Los poetas malditos, antología simbolista de Paul Verlaine

El Simbolismo es uno de los movimientos poéticos más importantes de la lírica contemporánea. Heredero de Baudelaire y capitaneado por Mallarmé y Paul Verlaine, precisamente 'Los poetas malditos' constituye una magistral antología realizada por éste último sobre sus compañeros de escuela.

La sombra de Charles Baudelaire es muy alargada en la lírica francesa. Todos los poetas que surgen tras él le deben mucho aunque militen en escuelas distintas. De hecho, tanto los parnasianos, con Théophile Gautier y Leconte de Lisle a la cabeza, como los simbolistas de Verlaine y Stéphane Mallarmé beben de sus enseñanzas y toman muchos de sus recursos técnicos.

Por otra parte, todo movimiento lírico que se precie debe tener su antólogo y, si hablamos de una escuela tan importante como el citado Simbolismo, ello se hace imprescindible. Y quién mejor para desempeñar ese papel que uno de sus integrantes -más aún, el príncipe de todos ellos- Paul Verlaine, no sólo faro y guía de esa escuela, sino también modelo de muchos poetas posteriores.

Foto de Metz

Una vista de Metz, ciudad natal de Paul Verlaine

Hombre contradictorio al que ensombrece una atroz miseria moral –llegó a estar en la cárcel por golpear a su madre- en parte sobrevenida por sus brutales excesos con la absenta y las drogas, Paul Verlaine (Metz, 1844-1896) encarna uno de los tópicos con que suele describirse al poeta: el del hombre perdido en un mundo que no comprende y, por tanto, en el que no encaja. Esa inadaptación se observa en todas sus colecciones de versos, desde 'Romanzas sin palabras' hasta 'Invectivas', que traslucen su naufragio en la inhumana urbe moderna.

En lo que respecta a la forma, Verlaine es considerado un renovador de la lírica contemporánea. Capaz de experimentar con el valor simbólico de las palabras y la musicalidad del verso, su influencia se extiende a grandes autores posteriores como Rubén Darío o Pablo Neruda, cuya creación no puede explicarse sin su magisterio.

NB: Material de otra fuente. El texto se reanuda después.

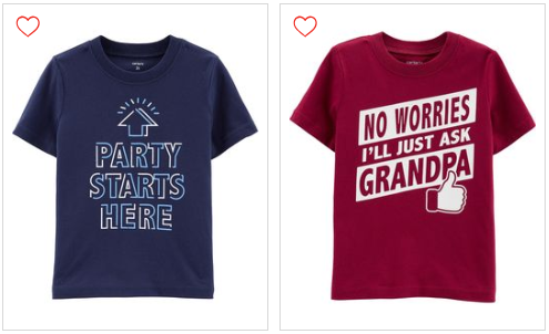 Shop Carter’s Presidents Day Sale through 2/18 and get graphic tees B1G2! You can pay as little as $4 per shirt when you buy three!
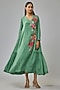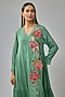 Refresh your look with this blue crepe chiffon panel dress. It features beautiful hand embroidery, a V-neckline, full sleeves, and a fluid silhouette that adds movement and flair to the overall look. Style it with jewelled flats, gold hoops, and a sling bag.
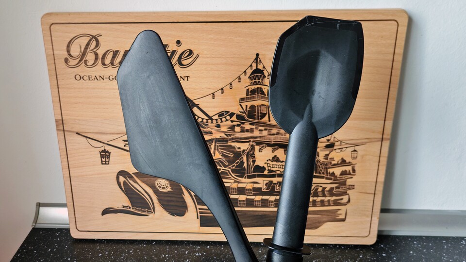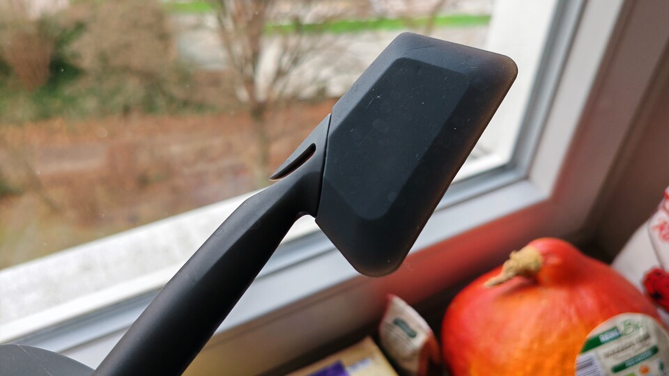 Noch so eine Kleinigkeit, die der Monsi richtig macht. Der Kopf des Spatels besteht aus Silikon, damit lässt sich der Topf viel besser auskratzen. Beim Cookit habe ich mich über das Hartplastik geärgert, weil man damit niemals alle Reste aus dem Topf bekommt.

Todo ello convierte a Verlaine en la persona idónea para escribir 'Los poetas malditos', excepcional antología biográfico-crítica de la obra de sus compañeros simbolistas. Aunque en ella no se encuentran todos, si están los más importantes: Corbière, Rimbaud –de tan funestas consecuencias para el propio Verlaine-, Mallarmé, Marceline Desbordes-Valmore, Villiers de l’Isle Adam y un "pobre Lelian" que no es otro que él mismo (Lelian es un anagrama de Verlaine).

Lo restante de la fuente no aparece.